Better Know a Theorem: The Greedy Algorithm
Consider the following network design problem. Schmoogle‘s 100 offices want to be able to stream huge amounts of data to each other (e.g., to broadcast talks to all their offices). In order to do this they need to connect all of their offices with new Phlogiston-net cabling. A single cable can be used to connect any pair of offices, and they can figure out the cost of buying any cable beforehand (the cost depends on which pair we’re connecting, due to their distance, geographic factors, etc).
What’s the cheapest way to buy cables so that data can be sent from any office to any other other office? Note, even if it takes multiple steps to send data from office A to office B, e.g., using offices C, D, E along the way (like a multi-leg flight), Schmoogle is happy. We’ll say two offices are connected if data can be sent between them.

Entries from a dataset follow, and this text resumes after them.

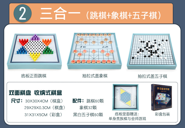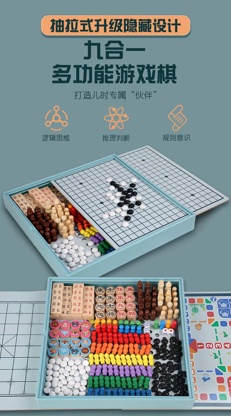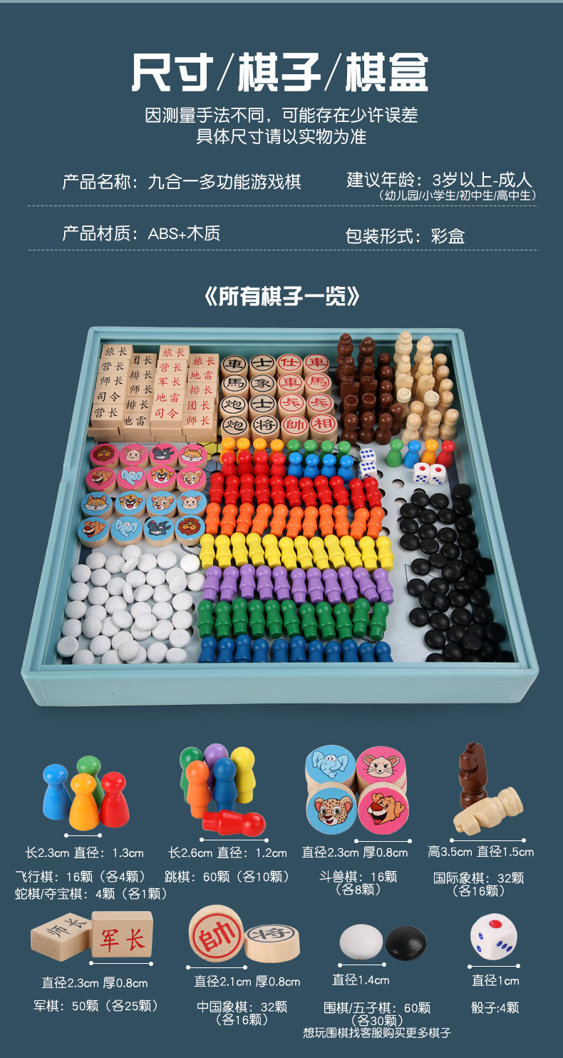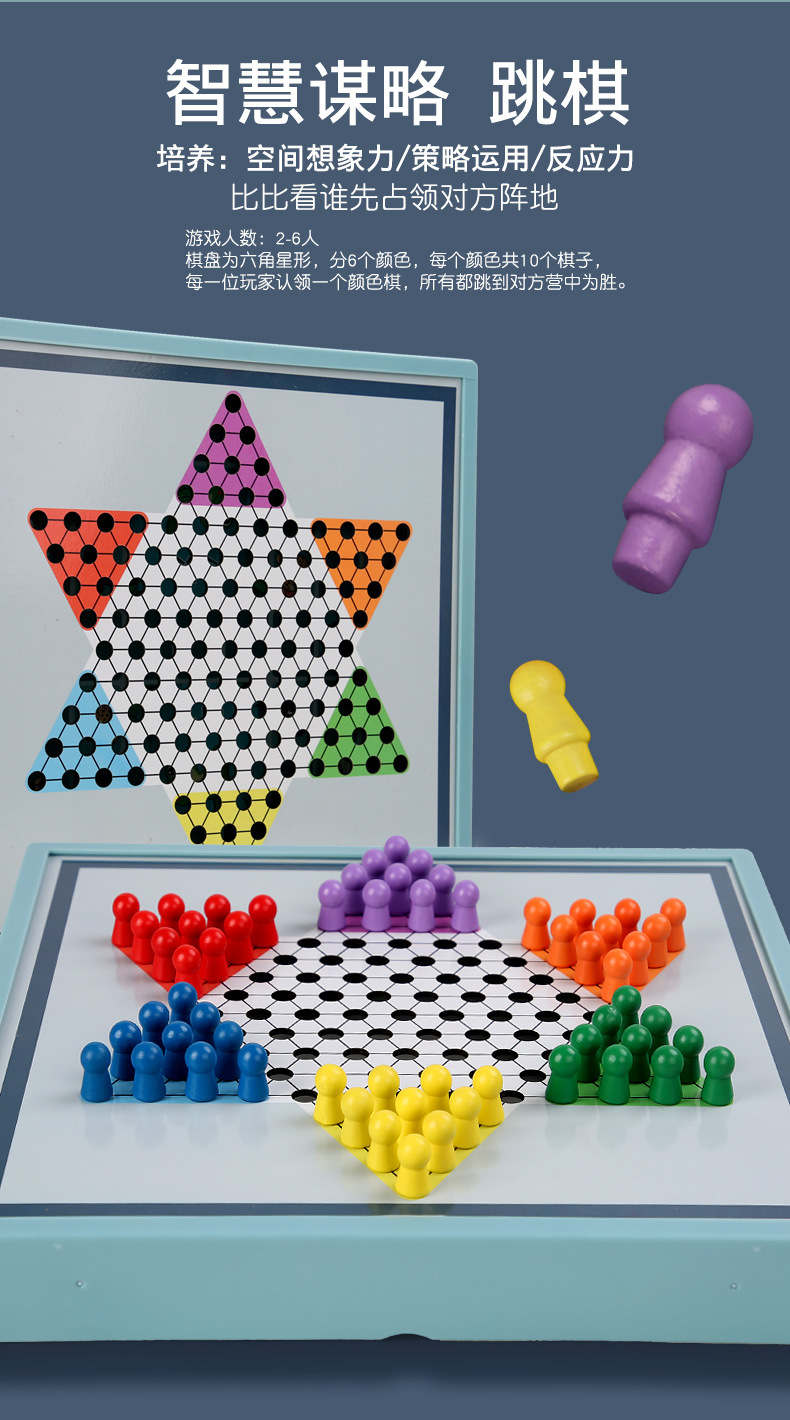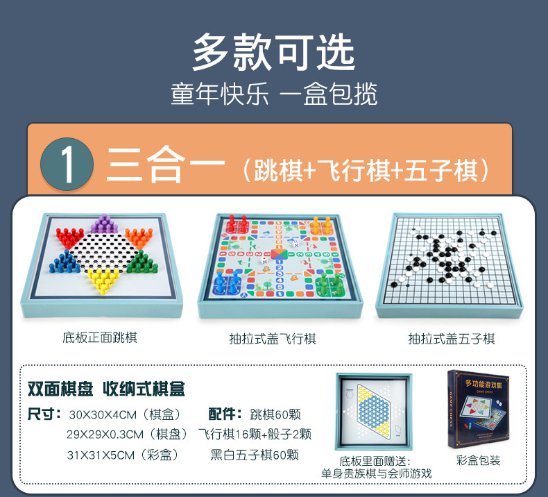 棋盘多合一木质象棋飞行跳棋五子斗兽亲子桌游儿童智力益智玩具
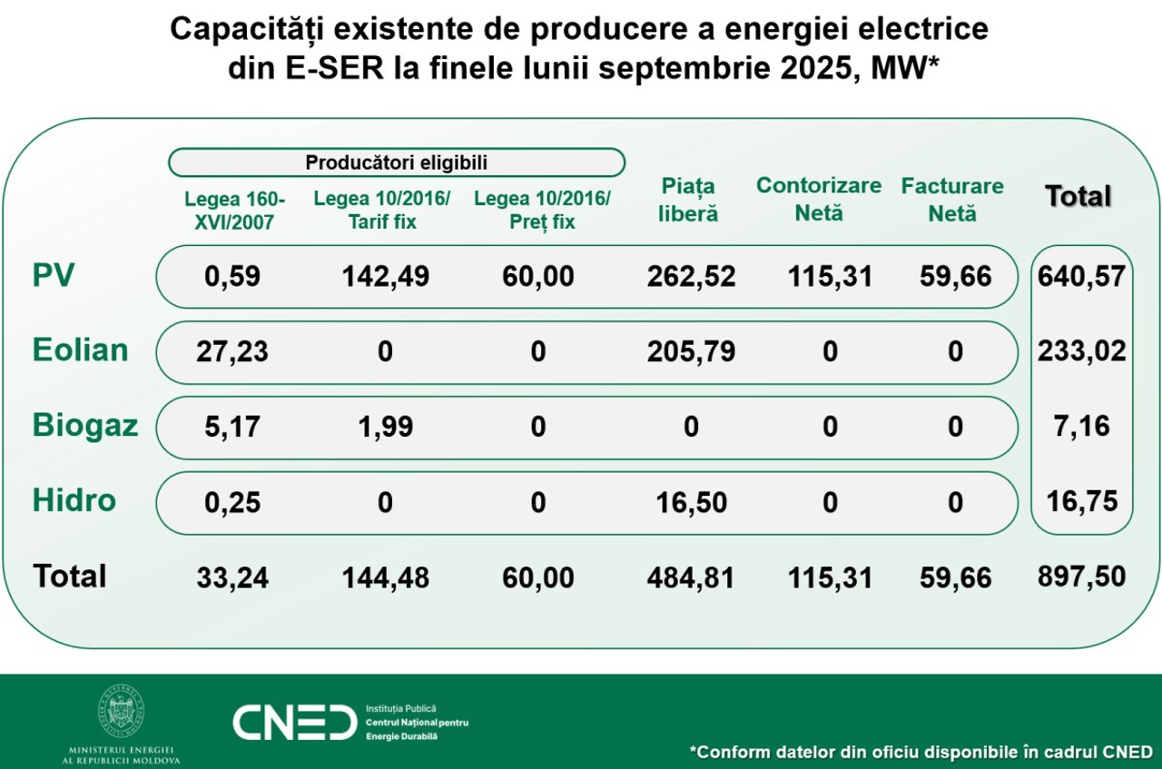 „În total, prin mecanismele de sprijin adoptate de stat sunt instalate 412.69 MW, ceea ce constituie o pondere de 46% din capacitatea totală existentă de producere a energiei electrice din surse regenerabile”, precizează un comunicat de presă al CNED.
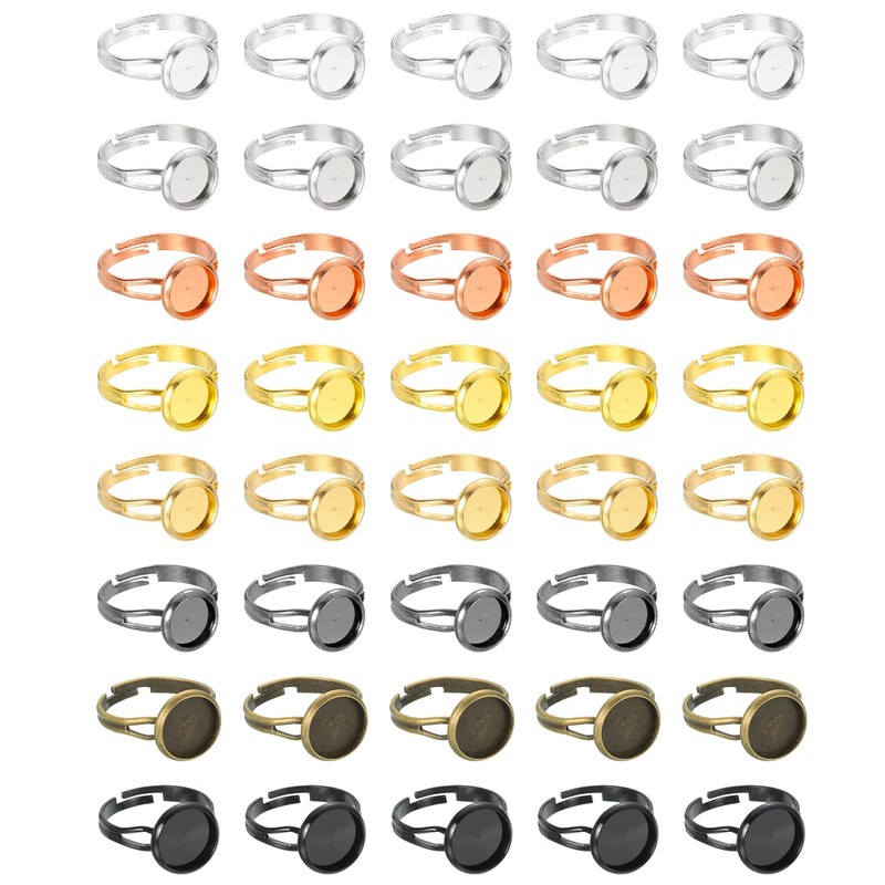 - These ring bases are flat and bezel-tray designed, great for holding cabochon, DIY carvings, and other jewelry elements. They come in many colors, providing a versatile foundation for various jewelry-making projects.
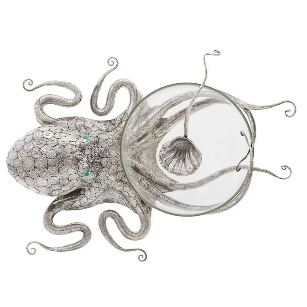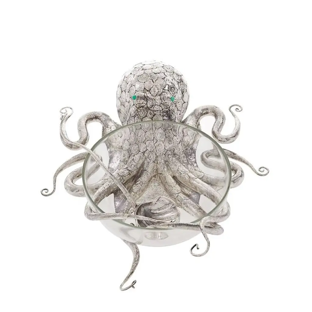 Original octopus tureen in crystal and silver, handmade by Florentine silversmiths, the Lisi Brothers. The hyper realistic centerpiece is transformed into a tureen by adding a detachable bowl. The tureen comes with a bespoke silver spoon. Due to its importance, the piece is made to order.

The first step is to notice that the network should have no cycles of cables, e.g., we would not want cables connecting pairs (A, B), (B, C), (C, D), (D, E), (E, A) of offices, since we can remove any one of these cables and everything would still be connected. This means that our desired cheapest network is a tree.
Kruskal in 1956 proposed the following solution:
while not everything is connected,
purchase the cheapest cable amongst those between two offices not yet connected.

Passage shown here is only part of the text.